### WHAT NEEDS TO BE DONE
Look below for the line with "This custom connector" and the line with "This includes 2"; repeat exactly those two lines and all lines between them, but no pictures.

### LISTED ENTRIES
**********
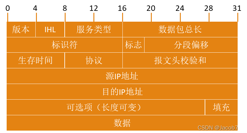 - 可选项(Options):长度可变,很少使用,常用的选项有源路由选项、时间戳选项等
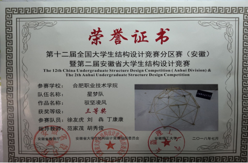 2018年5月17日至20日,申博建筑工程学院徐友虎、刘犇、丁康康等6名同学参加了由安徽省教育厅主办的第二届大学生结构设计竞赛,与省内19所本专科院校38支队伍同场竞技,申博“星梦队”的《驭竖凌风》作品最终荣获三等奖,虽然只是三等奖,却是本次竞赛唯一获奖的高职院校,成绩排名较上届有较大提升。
**********
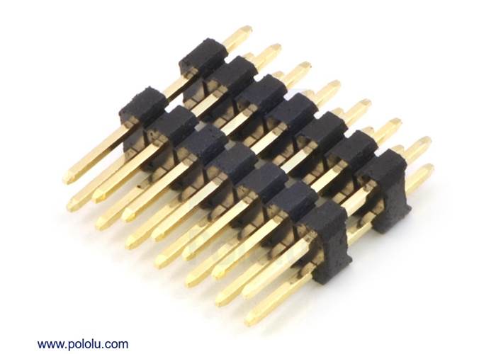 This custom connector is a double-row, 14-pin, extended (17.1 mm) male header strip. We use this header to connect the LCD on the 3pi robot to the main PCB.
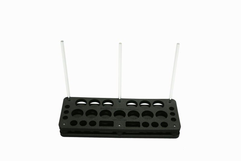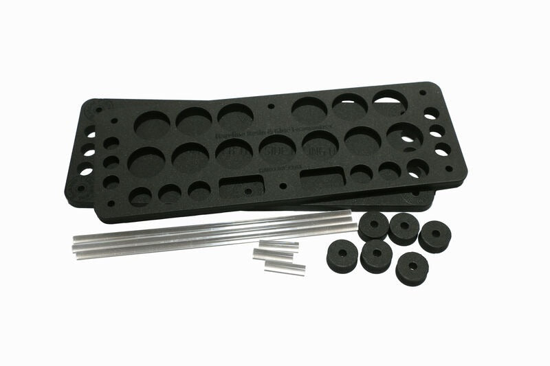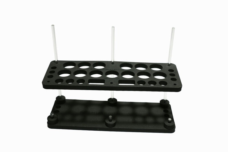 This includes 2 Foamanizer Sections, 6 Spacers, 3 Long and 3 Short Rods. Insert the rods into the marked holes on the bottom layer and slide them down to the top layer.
**********
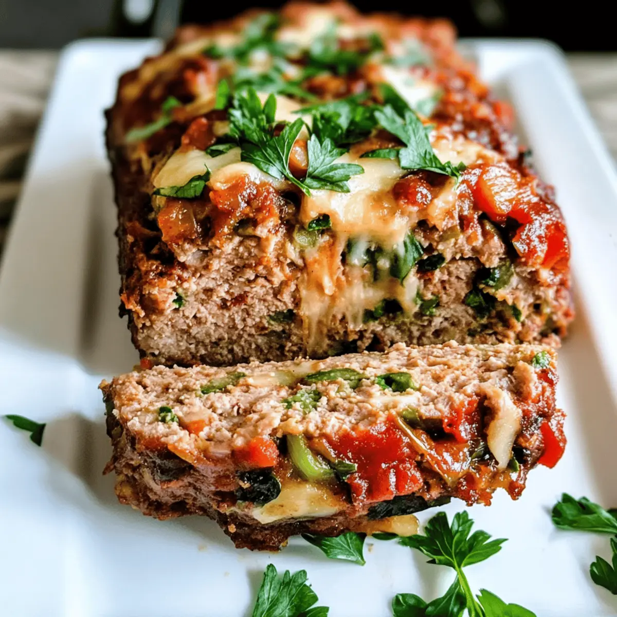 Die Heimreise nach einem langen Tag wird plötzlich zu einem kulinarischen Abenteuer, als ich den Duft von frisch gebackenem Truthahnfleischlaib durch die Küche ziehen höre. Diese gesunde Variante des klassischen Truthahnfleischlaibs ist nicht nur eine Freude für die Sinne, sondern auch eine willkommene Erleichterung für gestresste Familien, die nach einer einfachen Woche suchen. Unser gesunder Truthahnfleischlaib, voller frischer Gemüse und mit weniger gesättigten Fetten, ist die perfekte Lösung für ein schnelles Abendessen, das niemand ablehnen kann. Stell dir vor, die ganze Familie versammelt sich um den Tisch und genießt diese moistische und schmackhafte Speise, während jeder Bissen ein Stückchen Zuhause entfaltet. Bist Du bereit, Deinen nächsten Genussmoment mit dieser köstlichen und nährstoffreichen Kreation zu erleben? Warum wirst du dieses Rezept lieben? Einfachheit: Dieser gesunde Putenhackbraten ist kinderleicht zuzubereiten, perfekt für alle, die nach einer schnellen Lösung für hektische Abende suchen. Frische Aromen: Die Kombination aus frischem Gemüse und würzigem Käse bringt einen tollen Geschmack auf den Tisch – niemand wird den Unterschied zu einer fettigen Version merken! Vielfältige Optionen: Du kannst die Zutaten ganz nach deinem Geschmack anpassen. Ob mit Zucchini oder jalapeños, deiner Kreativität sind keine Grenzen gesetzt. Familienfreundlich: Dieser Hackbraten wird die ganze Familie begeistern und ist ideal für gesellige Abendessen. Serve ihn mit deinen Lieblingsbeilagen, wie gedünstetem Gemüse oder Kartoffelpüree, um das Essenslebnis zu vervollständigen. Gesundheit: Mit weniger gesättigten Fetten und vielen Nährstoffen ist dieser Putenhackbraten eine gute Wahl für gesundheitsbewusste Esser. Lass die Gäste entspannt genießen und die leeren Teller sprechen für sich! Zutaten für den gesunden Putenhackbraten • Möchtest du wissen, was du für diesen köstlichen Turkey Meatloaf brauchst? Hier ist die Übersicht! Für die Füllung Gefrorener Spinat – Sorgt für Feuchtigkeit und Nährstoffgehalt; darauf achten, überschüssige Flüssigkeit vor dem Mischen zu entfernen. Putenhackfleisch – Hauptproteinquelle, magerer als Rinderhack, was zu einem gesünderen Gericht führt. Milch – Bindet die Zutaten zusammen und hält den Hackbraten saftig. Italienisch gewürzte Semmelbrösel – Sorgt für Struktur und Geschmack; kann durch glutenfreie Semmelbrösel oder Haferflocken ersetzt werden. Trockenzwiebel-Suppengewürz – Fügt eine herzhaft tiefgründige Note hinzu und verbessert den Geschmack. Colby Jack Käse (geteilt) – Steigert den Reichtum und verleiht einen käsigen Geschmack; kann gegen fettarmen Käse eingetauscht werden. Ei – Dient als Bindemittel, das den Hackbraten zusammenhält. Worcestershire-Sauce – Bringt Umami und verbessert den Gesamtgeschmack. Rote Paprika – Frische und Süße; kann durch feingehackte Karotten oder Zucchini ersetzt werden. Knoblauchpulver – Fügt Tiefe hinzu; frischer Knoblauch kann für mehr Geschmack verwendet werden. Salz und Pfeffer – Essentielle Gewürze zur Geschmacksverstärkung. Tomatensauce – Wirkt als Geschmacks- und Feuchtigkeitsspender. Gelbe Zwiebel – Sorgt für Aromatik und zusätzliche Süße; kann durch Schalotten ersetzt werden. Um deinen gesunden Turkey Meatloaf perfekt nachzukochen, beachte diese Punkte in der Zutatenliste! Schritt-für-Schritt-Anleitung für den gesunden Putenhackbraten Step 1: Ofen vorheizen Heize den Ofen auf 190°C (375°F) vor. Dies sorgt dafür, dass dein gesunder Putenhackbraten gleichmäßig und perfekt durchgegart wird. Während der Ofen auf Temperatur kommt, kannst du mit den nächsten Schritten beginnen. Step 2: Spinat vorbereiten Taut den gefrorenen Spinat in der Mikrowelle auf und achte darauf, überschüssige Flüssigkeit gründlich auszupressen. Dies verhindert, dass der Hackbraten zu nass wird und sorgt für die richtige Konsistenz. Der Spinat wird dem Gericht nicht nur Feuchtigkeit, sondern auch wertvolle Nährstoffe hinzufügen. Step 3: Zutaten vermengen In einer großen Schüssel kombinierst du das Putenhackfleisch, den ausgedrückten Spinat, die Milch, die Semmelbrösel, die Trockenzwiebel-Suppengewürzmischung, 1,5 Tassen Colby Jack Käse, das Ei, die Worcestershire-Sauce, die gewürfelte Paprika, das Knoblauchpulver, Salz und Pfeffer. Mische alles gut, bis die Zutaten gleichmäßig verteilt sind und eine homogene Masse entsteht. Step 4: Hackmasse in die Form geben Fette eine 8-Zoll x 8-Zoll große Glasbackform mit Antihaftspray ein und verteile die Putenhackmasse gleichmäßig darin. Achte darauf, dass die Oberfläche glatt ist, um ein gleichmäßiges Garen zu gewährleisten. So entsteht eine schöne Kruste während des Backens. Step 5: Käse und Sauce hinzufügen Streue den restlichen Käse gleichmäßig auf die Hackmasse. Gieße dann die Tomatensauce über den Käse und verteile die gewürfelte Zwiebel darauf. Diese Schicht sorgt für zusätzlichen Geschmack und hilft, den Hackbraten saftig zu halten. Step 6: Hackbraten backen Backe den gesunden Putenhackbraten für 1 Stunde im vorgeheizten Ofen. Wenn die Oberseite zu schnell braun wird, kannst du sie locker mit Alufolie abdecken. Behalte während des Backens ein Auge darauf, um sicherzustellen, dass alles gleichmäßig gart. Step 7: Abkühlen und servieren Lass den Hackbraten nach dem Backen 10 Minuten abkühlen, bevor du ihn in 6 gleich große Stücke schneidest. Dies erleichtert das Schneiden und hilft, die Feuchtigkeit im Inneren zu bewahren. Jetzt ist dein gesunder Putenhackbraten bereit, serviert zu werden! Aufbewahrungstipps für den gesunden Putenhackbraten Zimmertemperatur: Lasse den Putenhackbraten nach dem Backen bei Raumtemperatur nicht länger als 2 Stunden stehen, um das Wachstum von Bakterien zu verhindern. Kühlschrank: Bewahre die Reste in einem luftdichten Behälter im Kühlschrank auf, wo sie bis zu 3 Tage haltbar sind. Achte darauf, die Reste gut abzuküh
**********
### RESPONSE BELOW
 This custom connector is a double-row, 14-pin, extended (17.1 mm) male header strip. We use this header to connect the LCD on the 3pi robot to the main PCB.
 This includes 2 Foamanizer Sections, 6 Spacers, 3 Long and 3 Short Rods. Insert the rods into the marked holes on the bottom layer and slide them down to the top layer.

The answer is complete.